Heather Andrew of Neuro-Insight: the John Lewis effect is good for John Lewis but bad for copycats
Where the Coca-Cola truck was once the marker of Christmas, John Lewis now seems to own the mantle as the official opener of the festive season.
That isn’t new news to those in the industry, who are all too aware of John Lewis’ winning advertising formula; the retailer’s emotionally charged narratives have long been held in critical acclaim, and provided a reliable injection of revenue time and again over Christmases past.
No wonder then that other retailers have followed suit in the hope of claiming a slice of that pie for themselves. This is true not just of competitors in the UK, such as M&S’ Paddington advert this year but globally as well. In 2015 German supermarket Edeka pulled at heartstrings with an advert about a lonely old man bearing similarities to JL’s ‘The Man on the Moon’ whilst Apple explored the perils of social isolation last year with an emotional short featuring Frankenstein’s monster.

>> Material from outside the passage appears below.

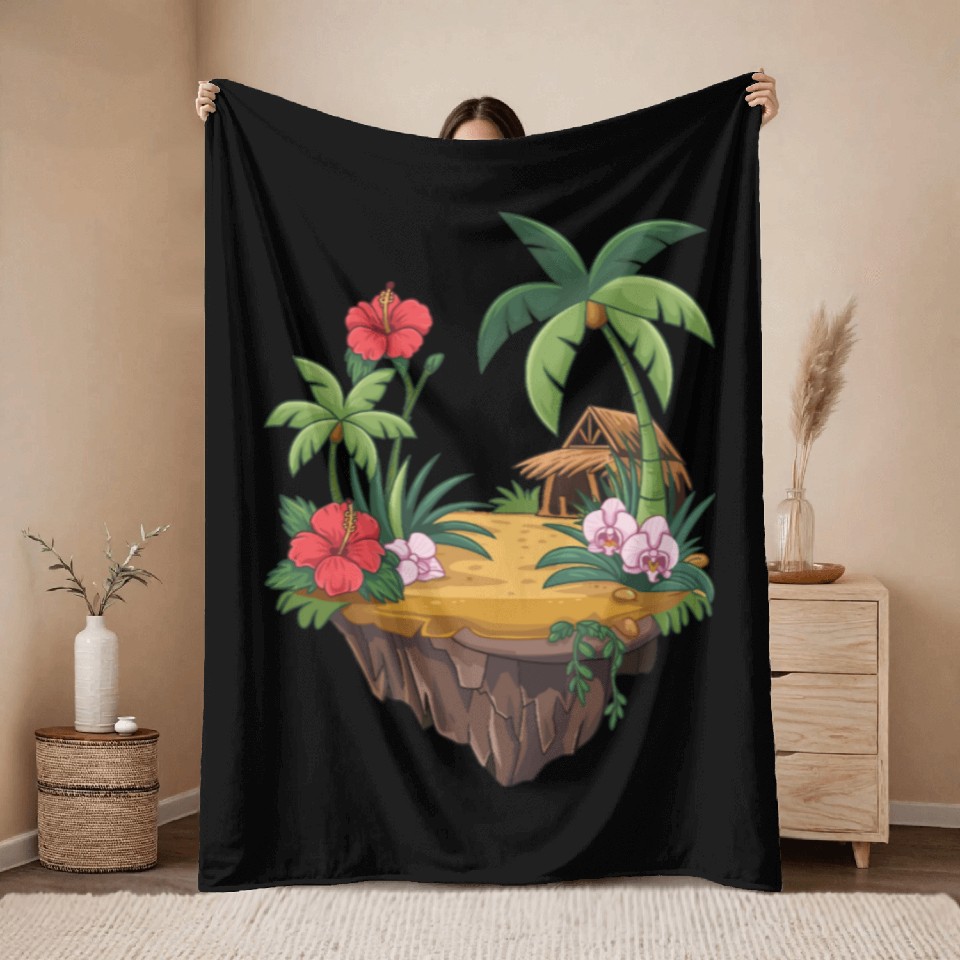 Own fascinating Tropical Island Hut Hibiscus and Orchids Throw Blankets or see more Throw Blankets products now from Printblur shop to enjoy your shopping time!

The reason this formula seems to work so well is because the ads that get it right successfully intertwine emotion and narrative. Our brains love to follow a strong story line, particularly if there is a puzzle to be solved, or an emotional punch being packed along the way. Crucially for brands, these things that the brain loves – narrative and emotion – are also key factors that drive ‘memory encoding’ – the process of storing information by our brains into long-term memory. The extent to which this is achieved by an ad is has been shown to correlate strongly with its market effectiveness.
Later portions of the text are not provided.